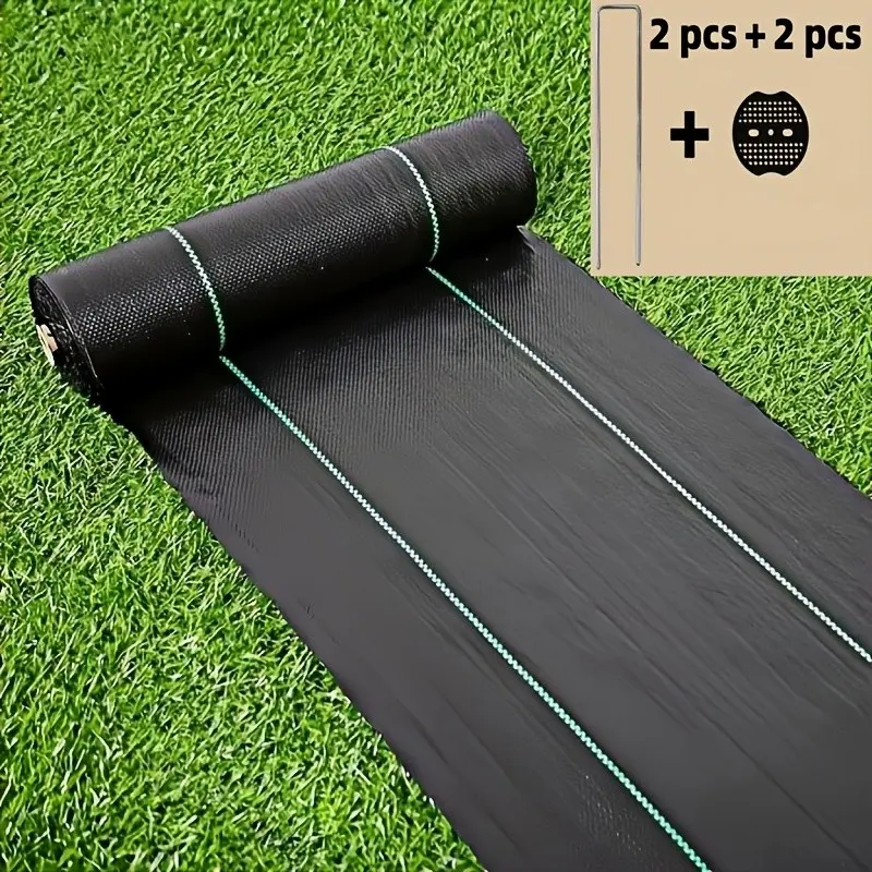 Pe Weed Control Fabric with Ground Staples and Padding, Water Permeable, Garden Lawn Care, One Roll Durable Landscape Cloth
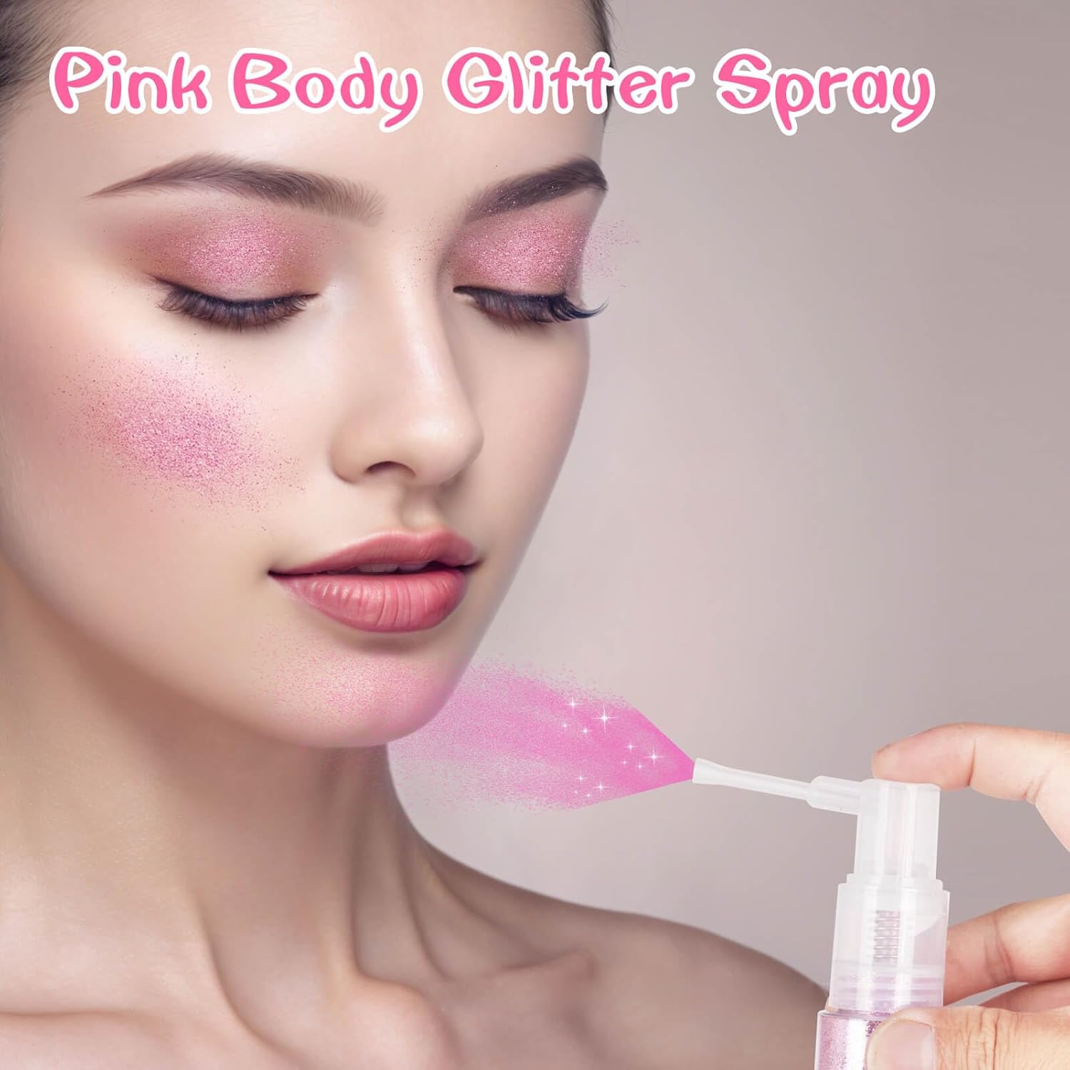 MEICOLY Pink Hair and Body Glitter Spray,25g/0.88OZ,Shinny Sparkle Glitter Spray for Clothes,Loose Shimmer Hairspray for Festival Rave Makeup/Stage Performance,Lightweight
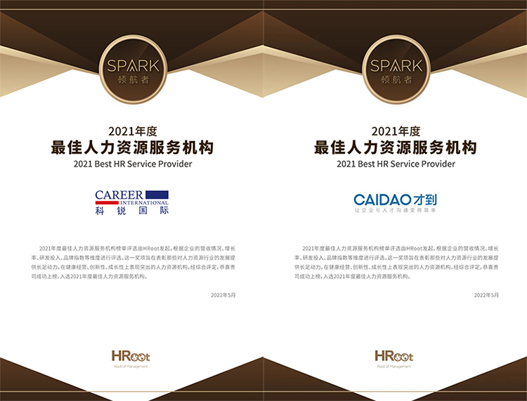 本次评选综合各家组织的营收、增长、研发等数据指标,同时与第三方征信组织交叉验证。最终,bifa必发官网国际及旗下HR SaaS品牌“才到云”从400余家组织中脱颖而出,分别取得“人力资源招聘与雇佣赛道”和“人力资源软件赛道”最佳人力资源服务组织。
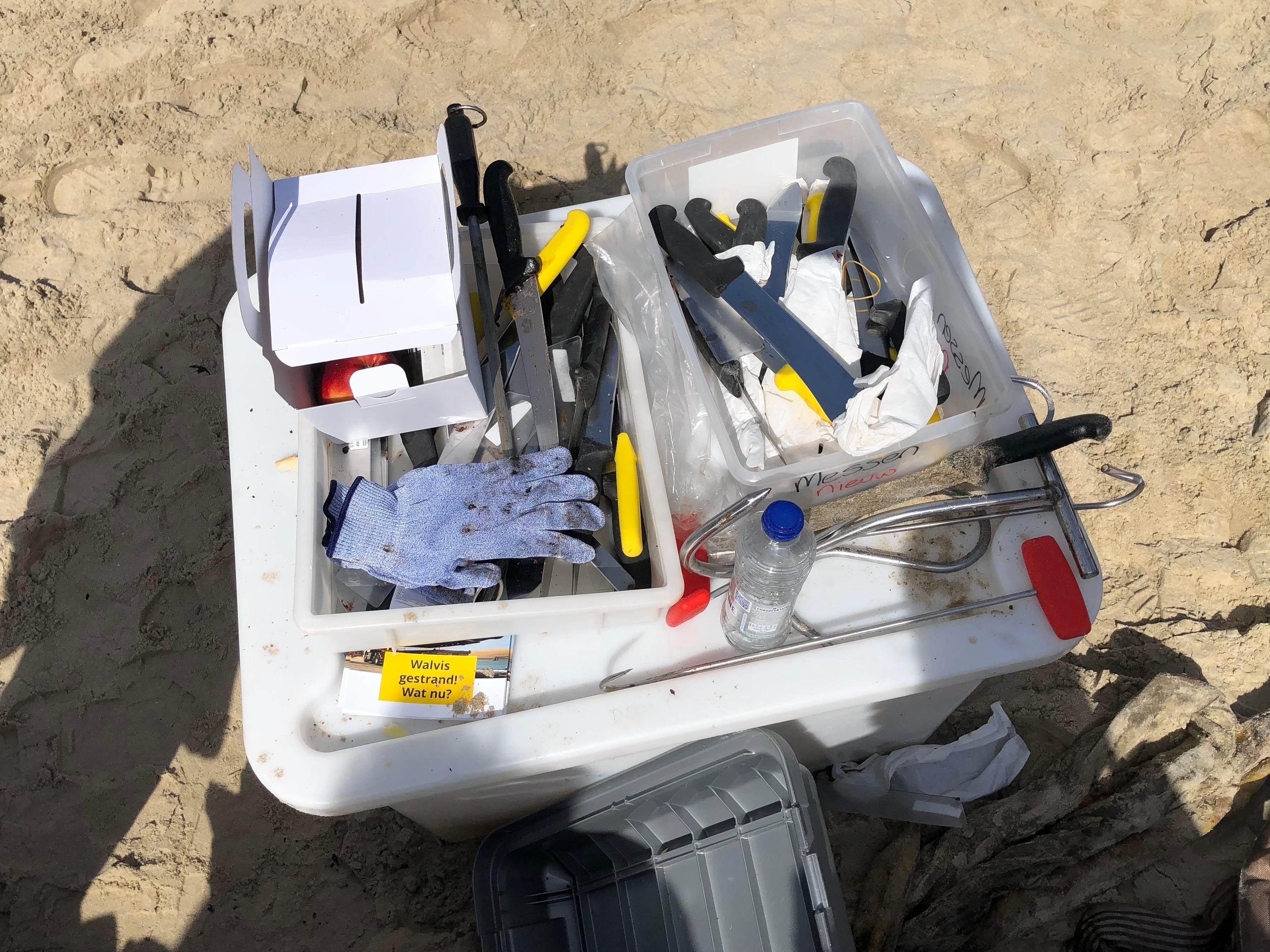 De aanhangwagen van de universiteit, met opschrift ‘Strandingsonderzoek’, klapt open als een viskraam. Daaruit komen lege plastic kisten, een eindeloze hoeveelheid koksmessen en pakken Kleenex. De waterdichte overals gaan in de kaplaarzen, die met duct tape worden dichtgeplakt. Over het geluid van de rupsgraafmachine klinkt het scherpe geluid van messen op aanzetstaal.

----------

→ **Action item**:
Repeat the material exactly. Skip the images.

→ **Result for this task**:
 Pe Weed Control Fabric with Ground Staples and Padding, Water Permeable, Garden Lawn Care, One Roll Durable Landscape Cloth
 MEICOLY Pink Hair and Body Glitter Spray,25g/0.88OZ,Shinny Sparkle Glitter Spray for Clothes,Loose Shimmer Hairspray for Festival Rave Makeup/Stage Performance,Lightweight
 本次评选综合各家组织的营收、增长、研发等数据指标,同时与第三方征信组织交叉验证。最终,bifa必发官网国际及旗下HR SaaS品牌“才到云”从400余家组织中脱颖而出,分别取得“人力资源招聘与雇佣赛道”和“人力资源软件赛道”最佳人力资源服务组织。
 De aanhangwagen van de universiteit, met opschrift ‘Strandingsonderzoek’, klapt open als een viskraam. Daaruit komen lege plastic kisten, een eindeloze hoeveelheid koksmessen en pakken Kleenex. De waterdichte overals gaan in de kaplaarzen, die met duct tape worden dichtgeplakt. Over het geluid van de rupsgraafmachine klinkt het scherpe geluid van messen op aanzetstaal.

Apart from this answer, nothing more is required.